May 4, 2009

Sure we're good at it, but why?

Sitting at home in my kitchen on my day off is a terrible time to try to channel the hate I feel for certain customer experiences, especially when the house is empty, the breeze is brisk, and I have fresh coffee (Java Estate, thank you). But I felt the emptiness of the recently-registered blog weighing heavily on me and thought I'd better post something before I go out for the day.

As I sipped, I reflected on last week's trials, and my fodder for ranting was marred by numerous positive experiences, new-customers-cum-repeat-customers, praise for the food, and general good times. There was the man who ordered the same food every day because he & his wife both liked it so much -- only on day four he said that his wife's burrito had changed dramatically and had been very different the day prior. "Did she have the Carne Adovada?" "Yes, yes that was hers." "That can't change. It's marinated pork, some cheese, and red chile." "There's no vegetables in it at all," he asked? "No, no sir. Never." "Oh. So maybe she had been eating the fish burrito. We'll get two of these instead, and then we'll know."

That's like coming home with a milkshake and a double espresso and not knowing which one you liked because they were both in cups. It defies logic.

But the focus of this little posting was the frenzied I'M A NEW MOM AND I DON'T HAVE TO BE NICE TO YOU woman who graced us with her (Chipotle-loving-) presence mid-week. Let's review
:
  • Frenzied? Check
  • Smile? BZZZ
  • Pissed that the menu didn't look like Moe's? Check
  • Left hubby in car? Check (was that a "SAVE ME" sign in the car window?)
[grunt] can I JUST get a [snarl] QUESADILLA with [glare] CHICKEN but WITHOUT all that [gag] OTHER STUFF?" "Yes, of course." "FINE."

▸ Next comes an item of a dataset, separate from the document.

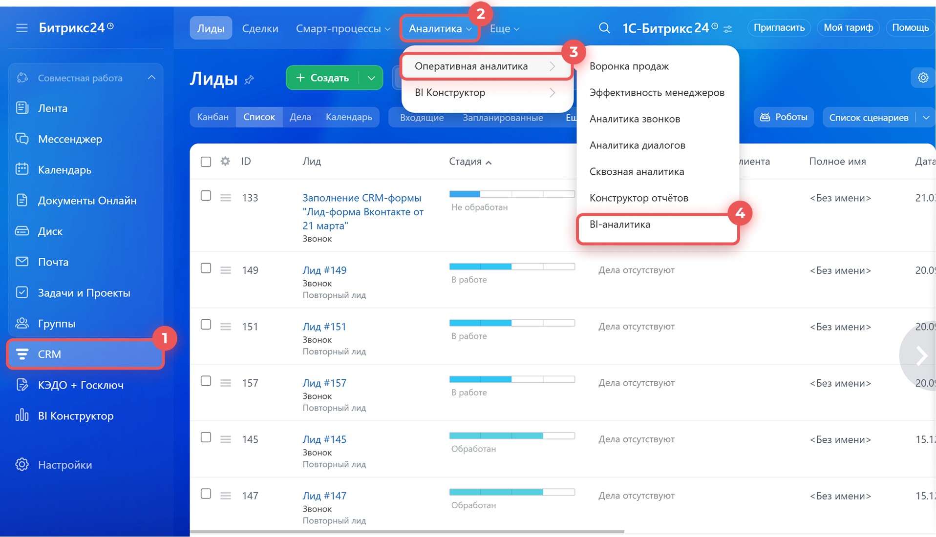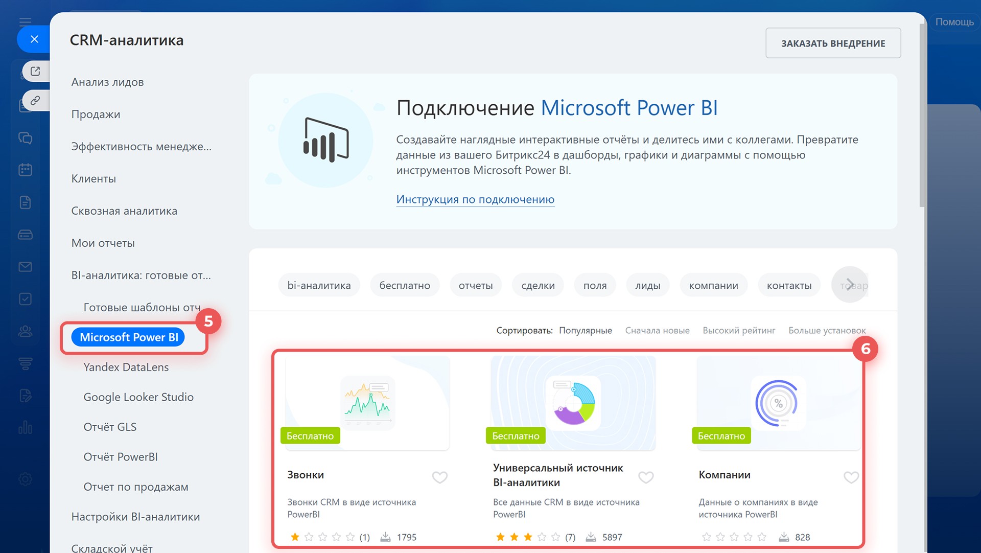 Откройте раздел CRM > Аналитика > Оперативная аналитика > BI-аналитика > Microsoft Power BI и скачайте шаблон.

So... as she hid back in the car, probably drinking her husband's blood and eating feral cats (trust me, she looked liked she had a healthy appetite), we cooks gathered in the kitchen and discussed our hate for her, her soul-less life, her desire for homogenized food, and her rather cunty nature in general. But we cooked. We don't drop or spit, we don't delete ingredients, we just cook because every once in a while it turns out they're nice after all and you don't want to mess that up. Gotta always hope. But we knew.

So she returned (I thought I saw her dabbing fresh blood from her mouth but I'm not sure) and picked up her food I handed it to her and explained that it was in the bag. Walking away she turned to me and said, "'It?' I WANTED TWO." "Two hot-sauces?" "TWO QUESADILLAS," she barked! "Ok, you never said 'two' but I can make you another one in about 3 minutes if you'd like." And then the look, the ultimate look of disgust and hatred and loathing flashed onto her face, all of us in the store cried a silent prayer for her husband and child, and, grunting expletives, she walked out the door.

Pete the cook looked at me and said, "I knew she was trouble the second she walked in." We all did. We're really, really good at that.